Framework.md

## Overview
The model compression framework has two main components: `pruner` and `module wrapper`.

### pruner
A `pruner` is responsible for :
1. provide a `cal_mask` method that calculates masks for weight and bias.
2. replace the module with `module wrapper` based on config.
3. modify the optimizer so that the `cal_mask` method is called every time the `step` method is called.

### module wrapper
A `module wrapper` is a module containing :
1. the origin module
2. some buffers used by `cal_mask`
3. a new forward method that applies masks before running the original forward method.
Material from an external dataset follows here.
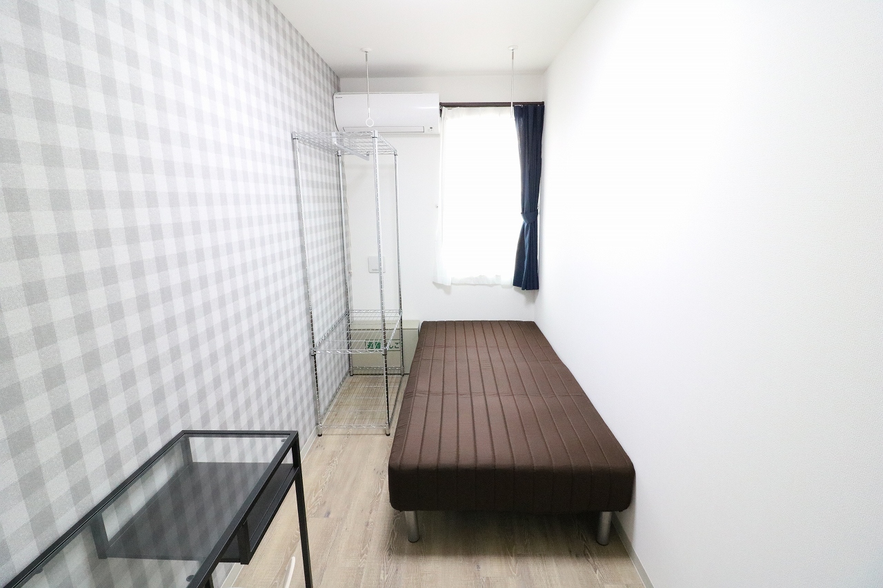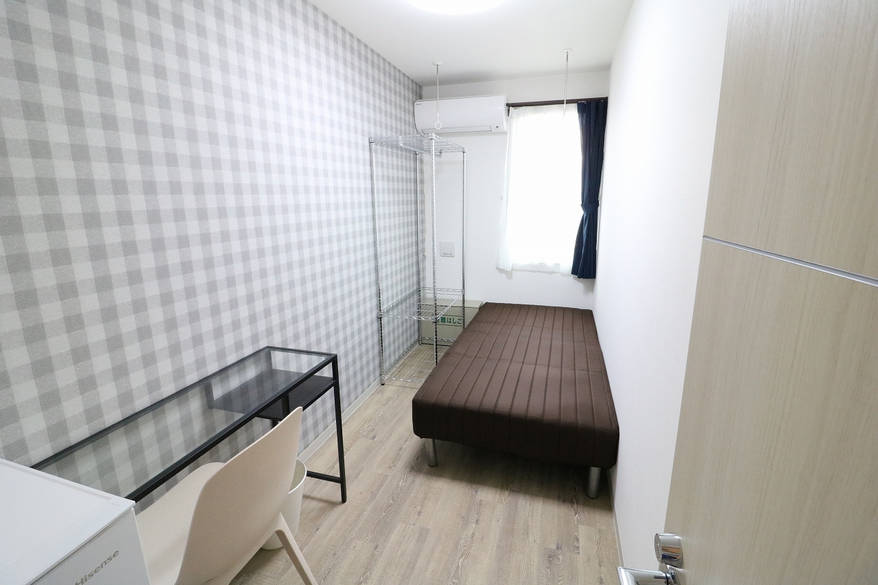 | 部屋設備 | エアコン・机・椅子・照明・冷蔵庫・ベット・収納ラック・カーテン・室内物干し・各居室インターネット |

the reasons to use `module wrapper` :
1. some buffers are needed by `cal_mask` to calculate masks and these buffers should be registered in `module wrapper` so that the original modules are not contaminated.
2. a new `forward` method is needed to apply masks to weight before calling the real `forward` method.

## How it works
A basic pruner usage:
```python
configure_list = [{
    'sparsity': 0.7,
    'op_types': ['BatchNorm2d'],
}]

optimizer = torch.optim.SGD(model.parameters(), lr=0.001, momentum=0.9, weight_decay=1e-4)
pruner = SlimPruner(model, configure_list, optimizer)
model = pruner.compress()
```

A pruner receive model, config and optimizer as arguments. In the `__init__` method, the `step` method of the optimizer is replaced with a new `step` method that calls `cal_mask`. Also, all modules are checked if they need to be pruned based on config. If a module needs to be pruned, then this module is replaced by a `module wrapper`. Afterward, the new model and new optimizer are returned, which can be trained as before. `compress` method will calculate the default masks.

## Implement a new pruning algorithm
Implementing a new pruning algorithm requires implementing a new `pruner` class, which should subclass `Pruner` and override the `cal_mask` method. The `cal_mask` is called by`optimizer.step` method.
The `Pruner` base class provided basic functionality listed above, for example, replacing modules and patching optimizer.

A basic pruner look likes this:
```python
class NewPruner(Pruner):
    def __init__(self, model, config_list, optimizer)
        super().__init__(model, config_list, optimizer)
        # do some initialization

    def calc_mask(self, wrapper, **kwargs):
        # do something to calculate weight_mask
        wrapper.weight_mask = weight_mask
```
### Set wrapper attribute
Sometimes `cal_mask` must save some state data, therefore users can use `set_wrappers_attribute` API to register attribute just like how buffers are registered in PyTorch modules. These buffers will be registered to `module wrapper`. Users can access these buffers through `module wrapper`.

```python
class NewPruner(Pruner):
    def __init__(self, model, config_list, optimizer):
        super().__init__(model, config_list, optimizer)
        self.set_wrappers_attribute("if_calculated", False)
    
    def calc_mask(self, wrapper):
        # do something to calculate weight_mask
        if wrapper.if_calculated:
            pass
        else:
            wrapper.if_calculated = True
            # update masks
```

### Collect data during forward
Sometimes users want to collect some data during the modules' forward method, for example, the mean value of the activation. Therefore user can add a customized collector to module.

```python
class ActivationRankFilterPruner(Pruner):
    def __init__(self, model, config_list, optimizer, activation='relu', statistics_batch_num=1):
        super().__init__(model, config_list, optimizer)
        self.set_wrappers_attribute("if_calculated", False)
        self.set_wrappers_attribute("collected_activation", [])
        self.statistics_batch_num = statistics_batch_num

        def collector(module_, input_, output):
            if len(module_.collected_activation) < self.statistics_batch_num:
                module_.collected_activation.append(self.activation(output.detach().cpu()))
        self.add_activation_collector(collector)
        assert activation in ['relu', 'relu6']
        if activation == 'relu':
            self.activation = torch.nn.functional.relu
        elif activation == 'relu6':
            self.activation = torch.nn.functional.relu6
        else:
            self.activation = None
```
The collector function will be called each time the forward method runs.

Users can also remove this collector like this:
```python
collector_id = self.add_activation_collector(collector)
# ...
self.remove_activation_collector(collector_id)
```

### Multi-GPU support
On multi-GPU training, buffers and parameters are copied to multiple GPU every time the `forward` method runs on multiple GPU. If buffers and parameters are updated in the `forward` method, an `in-place` update is needed to ensure the update is effective.
Since `cal_mask` is called in the `optimizer.step` method, which happens after the `forward` method and happens only on one GPU, it supports multi-GPU naturally.